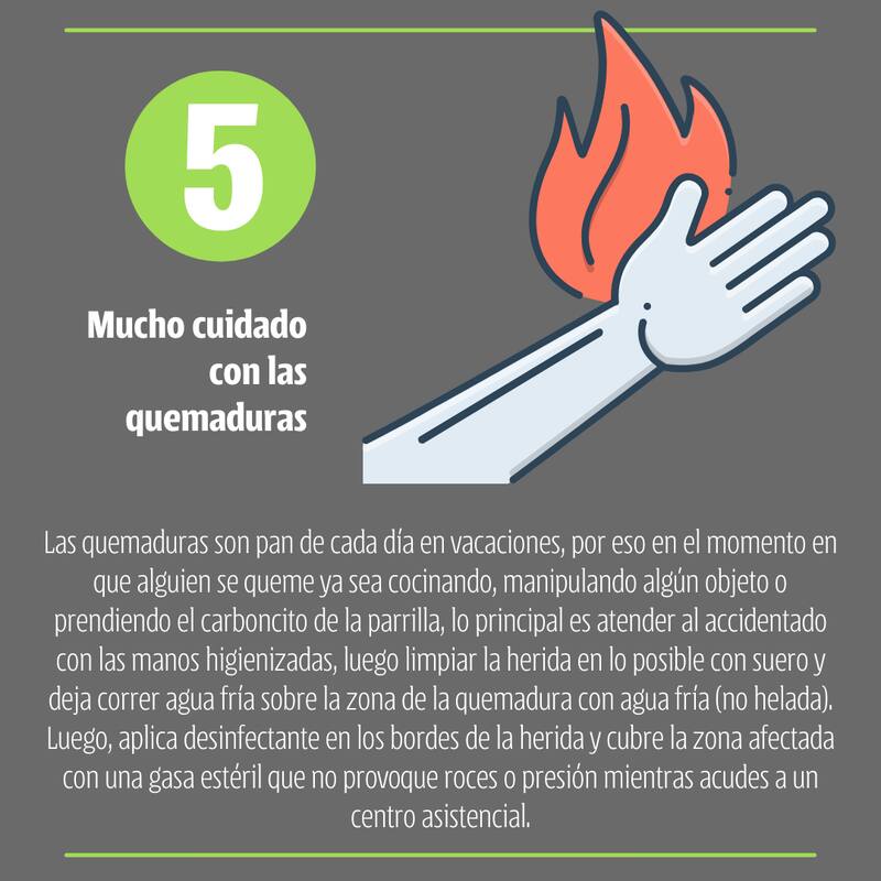Las quemaduras son pan de cada día en vacaciones, por eso en el momento en que alguien se queme ya sea cocinando, manipulando algún objeto o prendiendo el carboncito de la parrilla, lo principal es atender al accidentado con las manos higienizadas, luego limpiar la herida en lo posible con suero y deja correr agua fría sobre la zona de la quemadura con agua fría (no helada). Luego, aplica desinfectante en los bordes de la herida y cubre la zona afectada con una gasa estéril que no provoque roces o presión mientras acudes a un centro asistencial.
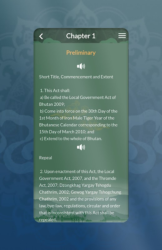 -All the chapters and contents of the Local Government Acts of Bhutan can be accessed alternatively through the audio format. The audio format provides voice narration of all contents. Users can switch swiftly between the conventional “read” format and “audio” format as per their preference.
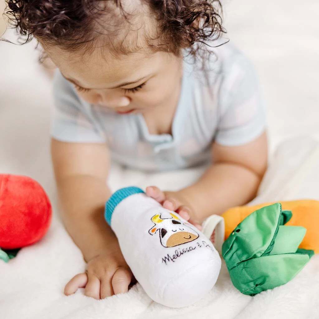 - Includes mesh tote, plush milk bottle, Crinkle lettuce, tomato rattle and squeaking carrot
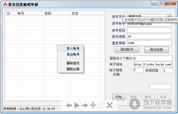 软件名称:骨灰百度贴吧举报|骨灰百度贴吧举报 1.0 绿色免费版 软件大小:1413KB 软件语言:简体中文 软件类别:国产软件/免费软件/浏览辅助 运行环境:Win2003, WinXP, Win2000, Vista, Win7 软件简介: 骨灰百度贴吧举报的作用就是导入一群百度帐号然后对着某个百度贴吧里面的某个帖子的某个楼层进行举报。 骨灰百度贴吧举报|骨灰百度贴吧举报 1.0 绿色免费版 下载 骨灰百度贴吧举报|骨灰百度贴吧举报 1.0 绿色免费版 迅雷下载 下载页面:http://www.downxia.com/downinfo/31134.html
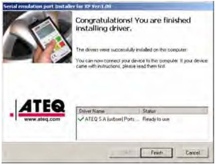 12. After a few seconds, the serial emulation port driver installer prompts you when it is finished. Select Finish.
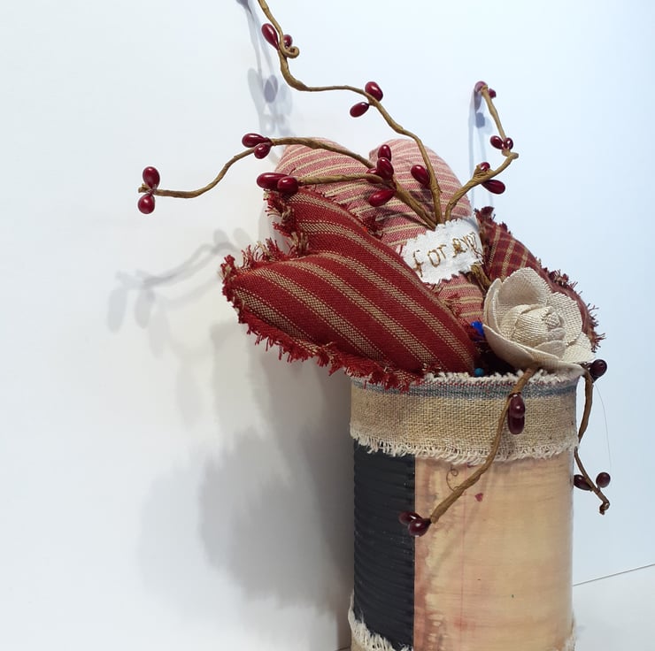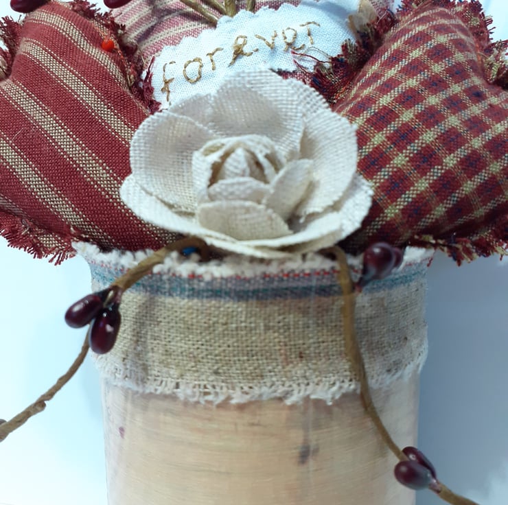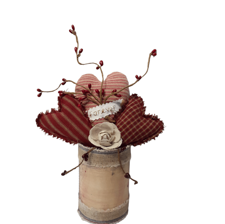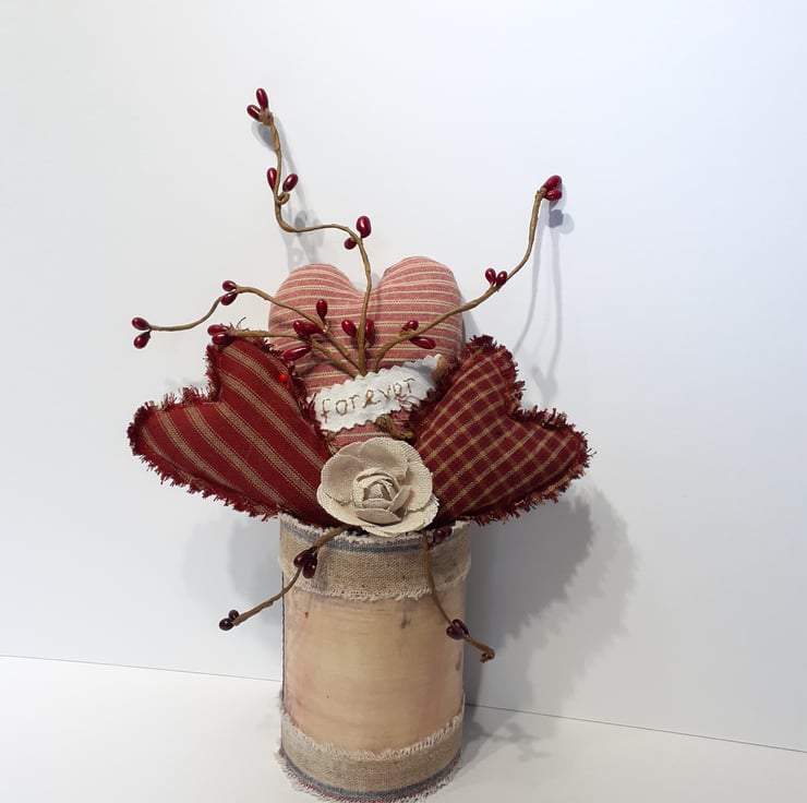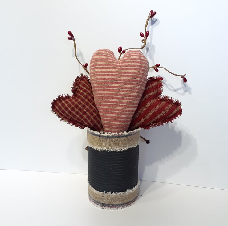 Three different sized and styled hearts made using beautiful Homespun cotton fabric, one with 'forever' hand embroidered on it; an added little hessian rose along with pip berries all gathered together and sitting inside a recycled tin which has been edged with aged hessian ribbon and has a 'tea stained' label on the front, which all ready for you to personalise before you give this unique gift to the very special person in your life. A beautiful one-off gift which can be given at any time of the year whether it be Valentines, birthday, anniversary or for that impromptu moment.

### Aim of the exercise
Using the entries above, reproduce word for word only the lines from the one that contains "-All the chapters" to the one that contains "12. After a", both ends included, and drop every picture.

### Completed exercise
 -All the chapters and contents of the Local Government Acts of Bhutan can be accessed alternatively through the audio format. The audio format provides voice narration of all contents. Users can switch swiftly between the conventional “read” format and “audio” format as per their preference.
 - Includes mesh tote, plush milk bottle, Crinkle lettuce, tomato rattle and squeaking carrot
 软件名称:骨灰百度贴吧举报|骨灰百度贴吧举报 1.0 绿色免费版 软件大小:1413KB 软件语言:简体中文 软件类别:国产软件/免费软件/浏览辅助 运行环境:Win2003, WinXP, Win2000, Vista, Win7 软件简介: 骨灰百度贴吧举报的作用就是导入一群百度帐号然后对着某个百度贴吧里面的某个帖子的某个楼层进行举报。 骨灰百度贴吧举报|骨灰百度贴吧举报 1.0 绿色免费版 下载 骨灰百度贴吧举报|骨灰百度贴吧举报 1.0 绿色免费版 迅雷下载 下载页面:http://www.downxia.com/downinfo/31134.html
 12. After a few seconds, the serial emulation port driver installer prompts you when it is finished. Select Finish.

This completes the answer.